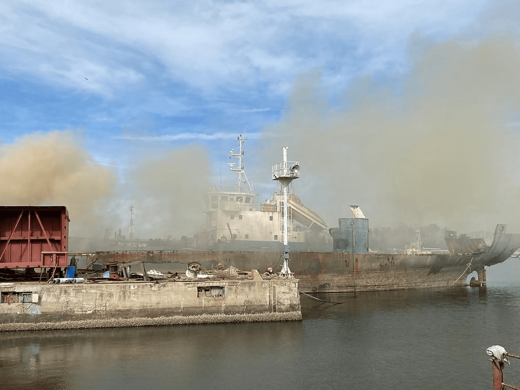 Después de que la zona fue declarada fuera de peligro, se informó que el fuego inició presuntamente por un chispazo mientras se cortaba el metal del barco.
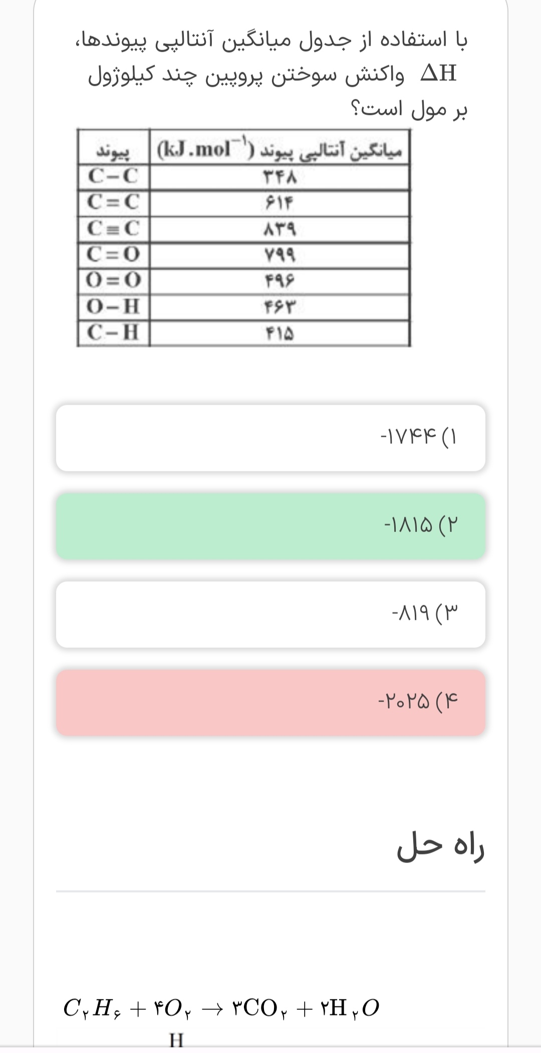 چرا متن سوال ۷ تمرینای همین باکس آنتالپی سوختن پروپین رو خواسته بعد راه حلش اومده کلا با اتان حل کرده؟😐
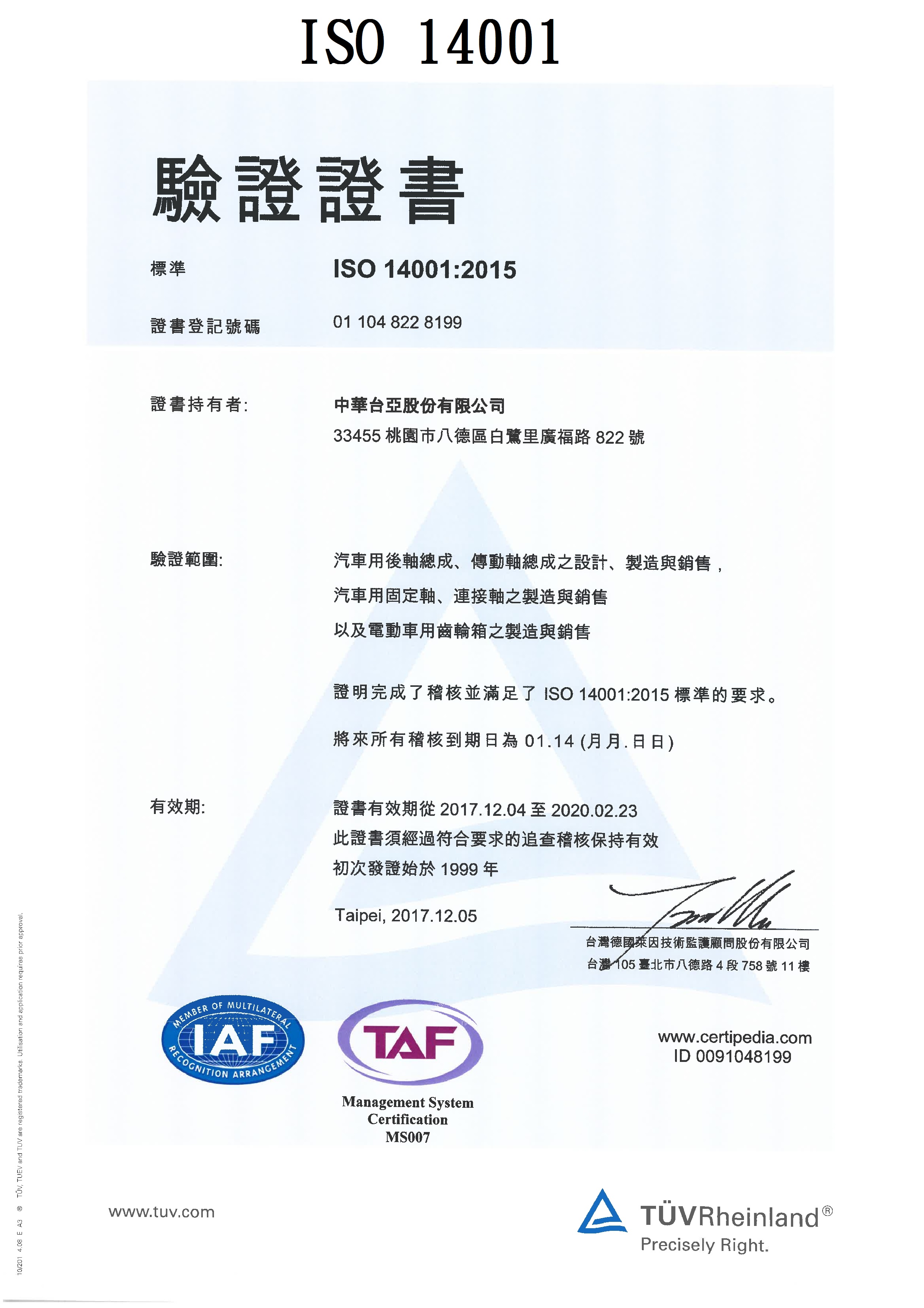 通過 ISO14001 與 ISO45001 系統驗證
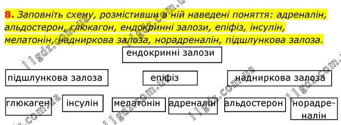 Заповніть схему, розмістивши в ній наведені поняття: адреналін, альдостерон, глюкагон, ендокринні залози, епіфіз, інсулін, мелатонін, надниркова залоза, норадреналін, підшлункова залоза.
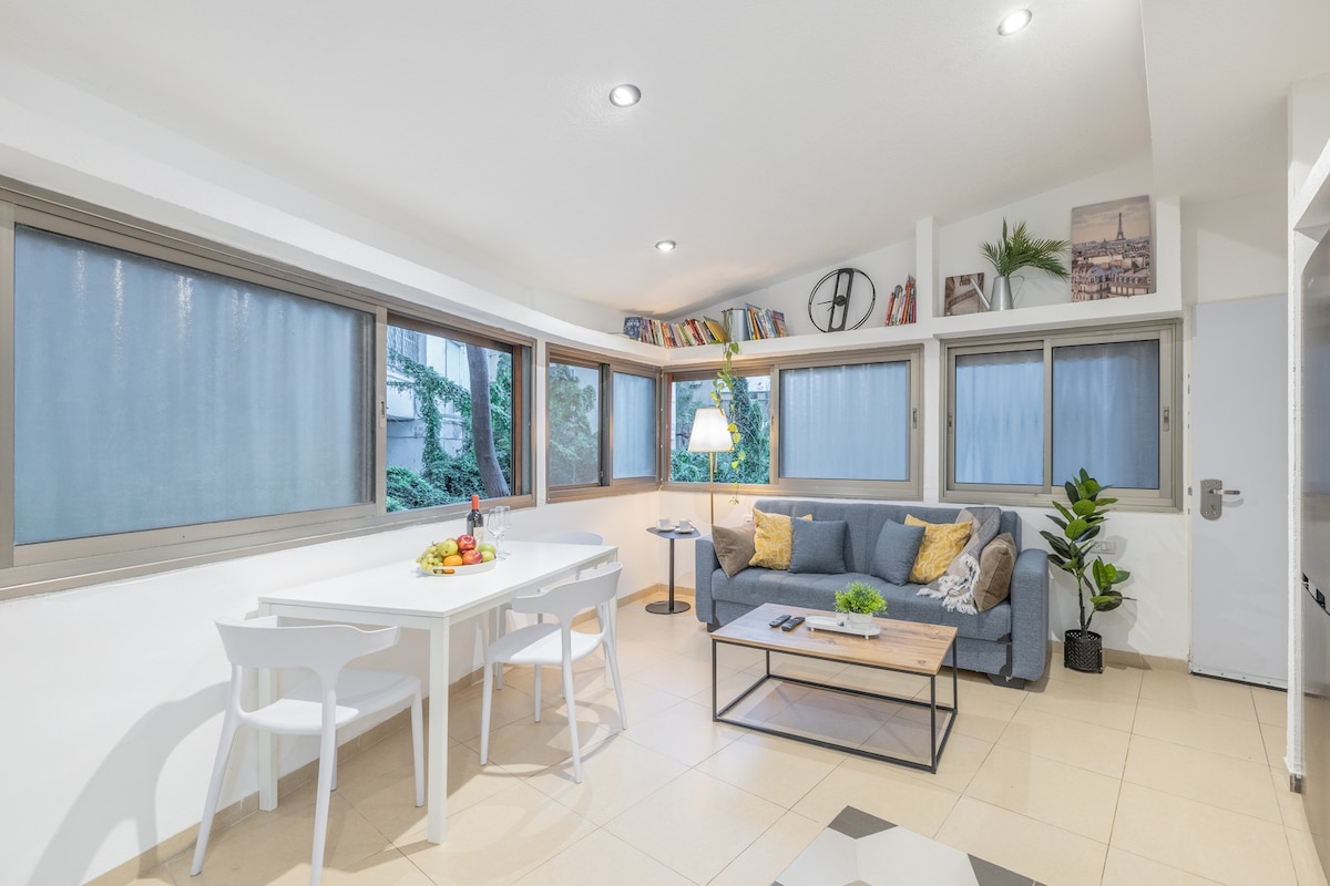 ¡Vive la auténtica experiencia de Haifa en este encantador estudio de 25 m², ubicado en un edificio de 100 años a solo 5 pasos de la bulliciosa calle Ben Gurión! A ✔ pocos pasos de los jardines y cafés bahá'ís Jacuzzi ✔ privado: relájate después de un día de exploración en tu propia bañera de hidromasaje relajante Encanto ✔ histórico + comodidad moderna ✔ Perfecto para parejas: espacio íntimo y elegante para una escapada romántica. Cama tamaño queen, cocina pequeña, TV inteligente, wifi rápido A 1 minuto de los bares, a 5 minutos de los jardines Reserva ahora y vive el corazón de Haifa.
...
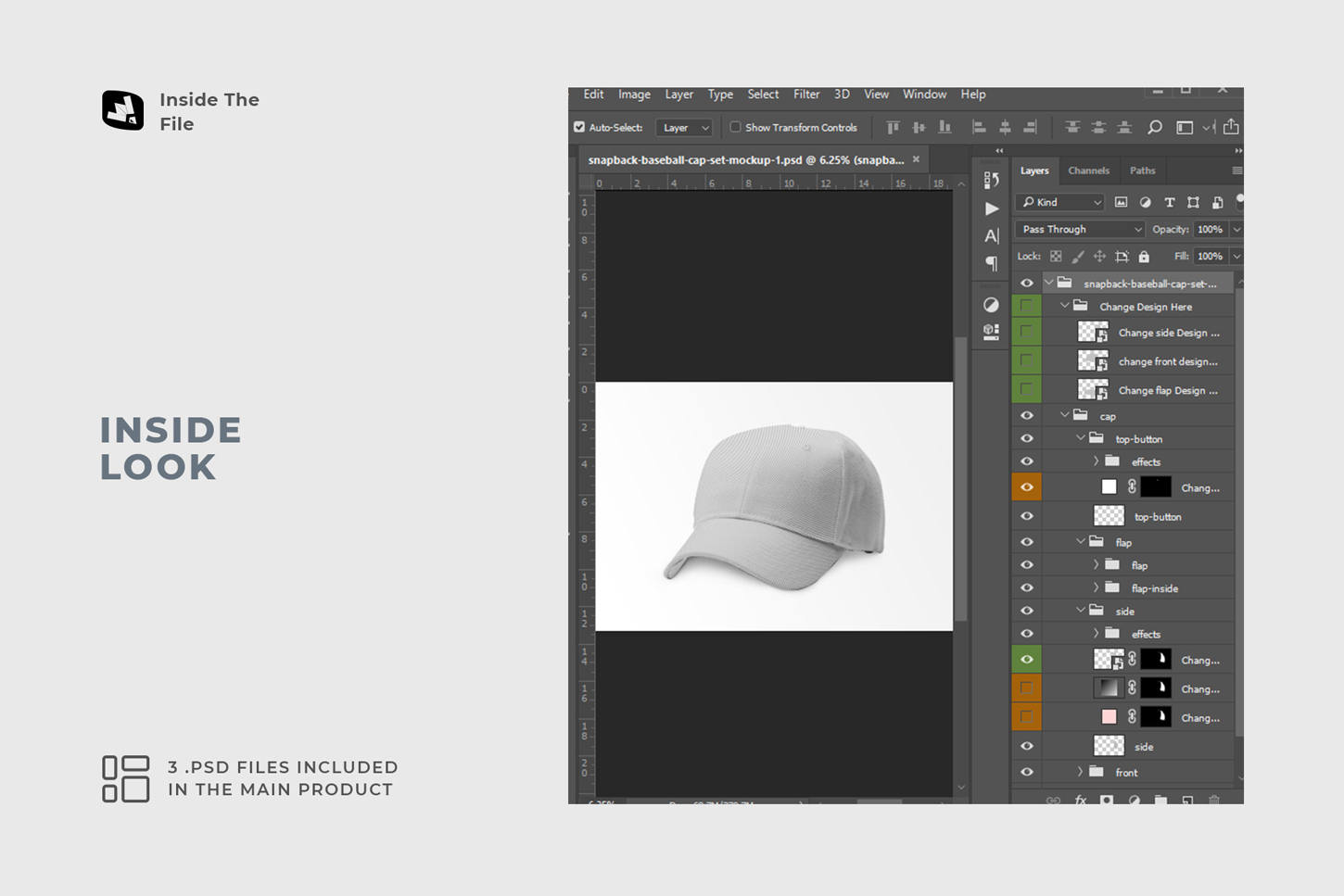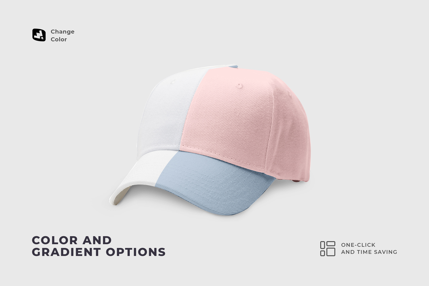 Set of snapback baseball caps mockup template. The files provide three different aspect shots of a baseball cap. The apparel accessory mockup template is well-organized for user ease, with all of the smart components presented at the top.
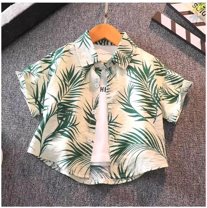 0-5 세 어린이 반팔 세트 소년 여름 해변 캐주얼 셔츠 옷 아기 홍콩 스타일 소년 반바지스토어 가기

- **TASK DESCRIPTION**
What is needed is an exact copy of the lines above from the one with "چرا متن سوال" to the one with "Заповніть схему, розмістивши", both ends kept, and nothing more; please leave the pictures out.

- **EXERCISE ANSWER**
 چرا متن سوال ۷ تمرینای همین باکس آنتالپی سوختن پروپین رو خواسته بعد راه حلش اومده کلا با اتان حل کرده؟😐
 通過 ISO14001 與 ISO45001 系統驗證
 Заповніть схему, розмістивши в ній наведені поняття: адреналін, альдостерон, глюкагон, ендокринні залози, епіфіз, інсулін, мелатонін, надниркова залоза, норадреналін, підшлункова залоза.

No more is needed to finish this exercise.